4. Model Adaptation Using Bi-Variate Moving Average

Our proposed model, as described above, is aimed at improving detection within the dynamic cITS environment. Therefore, here we describe an adaptation capability needed to ensure that the model can better handle the constantly changing network topology. We propose a bi-variate moving average (BiMAV) model adaptation method that observes the model performance and adapts to the change in the operating environment. The proposed method follows the progressive modeling used by works that rely on time series data [26]. The method uses a two-dimensional window for change detection. That is, the window defines two variables, the aggregated input values and the estimated output. Within this window, the accuracy trend is monitored against a threshold calculated based on the standard deviation from previous windows. Equation (1) implements the BiVAM method:

\begin{matrix} B i M A V = \frac{\sum_{i = 0}^{i = n - 1} X_{i}}{n} \times \frac{\sum_{j = 0}^{j = l - 1} Y_{j}}{l} \end{matrix}

(1)

where

X_{i}

and

Y_{j}

are the input features and estimated output values, respectively. The variable n represents number of features while l represents number of instances in the window. The retraining is triggered if the value of BiMAV is higher than the standard deviation of the previous windows, as expressed by Equation (2):

\begin{matrix} B i M A V = \{\begin{matrix} i f < σ (W) then No retraining \\ i f > σ (W) then Retraining \end{matrix} \end{matrix}

(2)

where

σ (W)

represents the standard deviation of the previous windows. The decision that Equation (2) makes is binary as it determines whether the re-training is needed or not based on the threshold

σ

(W)

.

5. The Dataset

The dataset used for this study was the Next Generation Simulation (NGSIM) Vehicle Trajectories Dataset [7]. NGSIM is an open source publicly available dataset with a collection of real-world vehicles’ trajectories collected by smart vehicles. It contains a detailed vehicle trajectory data on southbound US 101 and Lankershim Boulevard in Los Angeles, CA, eastbound I-80 in Emeryville, CA and Peachtree Street in Atlanta, Georgia. Data in NGSIM were collected through a network of synchronized digital video cameras. NGVIDEO, a customized software application developed for the NGSIM program, transcribed the vehicle trajectory data from the video. This vehicle trajectory data provides the precise location of each vehicle within the study area every one-tenth of a second, resulting in detailed lane positions and locations relative to other vehicles. Moreover, NGSIM consists of many patterns representing different drive situations and driver behavior [7]. In addition, NGSIM provides high-quality contextual data that describe realistic real-world scenarios on different road sections [19]. Particularly, NGSIM was built by collecting data from vehicles moving on a road section with 500 m-long and seven-lane highway. For each vehicle, the data are collected (recorded) for 45 min using 16 sensors. Each record in the dataset contains s set of basic elements regarding the vehicle like position, speed, time, direction, and acceleration. Although there are similar datasets such as the Connected Vehicles Pilot (CVP), the NGSIM dataset was chosen in this study to be consistent when comparing with the related works as they used the NGSIM as well.
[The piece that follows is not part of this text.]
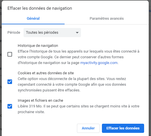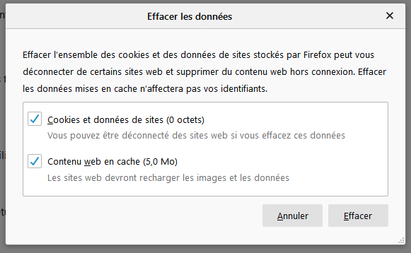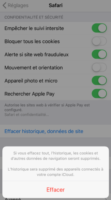 - Dans la fenêtre qui souvre cliquez sur Effacer.

The dataset represents the ground truth information and each vehicle represents a cITS node. In real-world deployment, the dataset needs to be fed each cITS node. That is, each node should have a copy of the dataset to run its own applications and adjust its communication or driving behavior. As such, the collection of accurate and reliable context information is crucial. The context information in the dataset combines two types of messages, cooperative awareness message (CAM) and decentralized environmental notification message (DENM) into a basic safety message (BSM). While CAMs are sent periodically, DENMs are event-driven that only sent when an event has occurred. The CAM consists of information about the vehicles such as the position, size, speed, and steering wheel angle.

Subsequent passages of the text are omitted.